**EXERCISE DESCRIPTION**
A faithful copy is needed of the lines below from the one with "- разделение зон" up to and including the one with "- Низ куртки"; set it down with no pictures and no other lines.

**TASK MATERIAL**

==*==

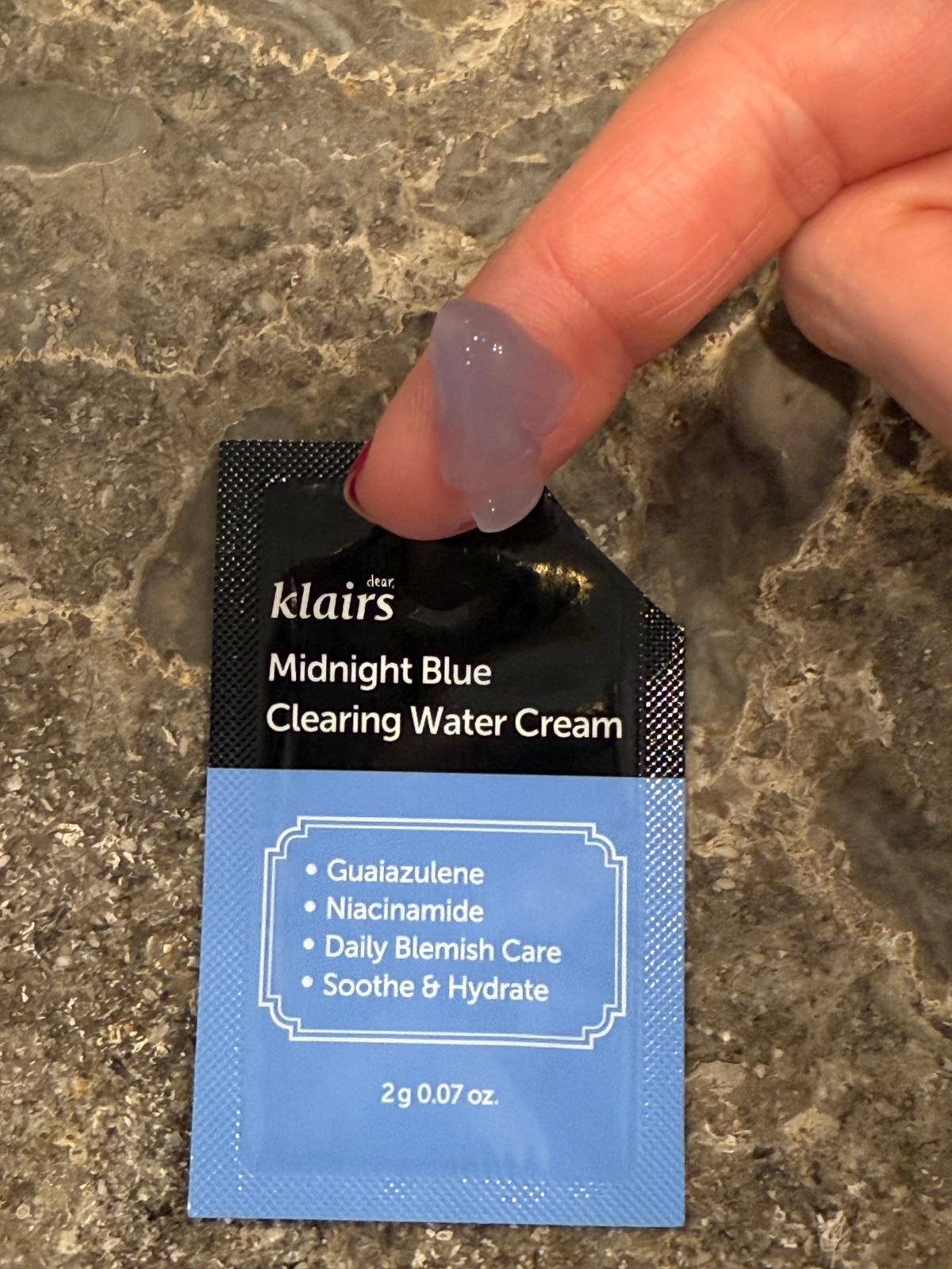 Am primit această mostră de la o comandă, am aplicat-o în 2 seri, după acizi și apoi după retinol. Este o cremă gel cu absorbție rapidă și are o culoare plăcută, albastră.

==*==

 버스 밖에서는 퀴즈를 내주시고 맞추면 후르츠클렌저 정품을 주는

==*==

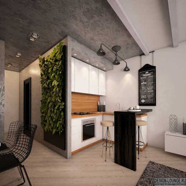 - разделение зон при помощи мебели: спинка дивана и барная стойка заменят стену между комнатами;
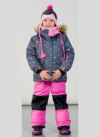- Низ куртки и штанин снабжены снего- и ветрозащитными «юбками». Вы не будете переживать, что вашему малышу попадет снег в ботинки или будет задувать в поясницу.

==*==

**WRITTEN RESPONSE**
 - разделение зон при помощи мебели: спинка дивана и барная стойка заменят стену между комнатами;
- Низ куртки и штанин снабжены снего- и ветрозащитными «юбками». Вы не будете переживать, что вашему малышу попадет снег в ботинки или будет задувать в поясницу.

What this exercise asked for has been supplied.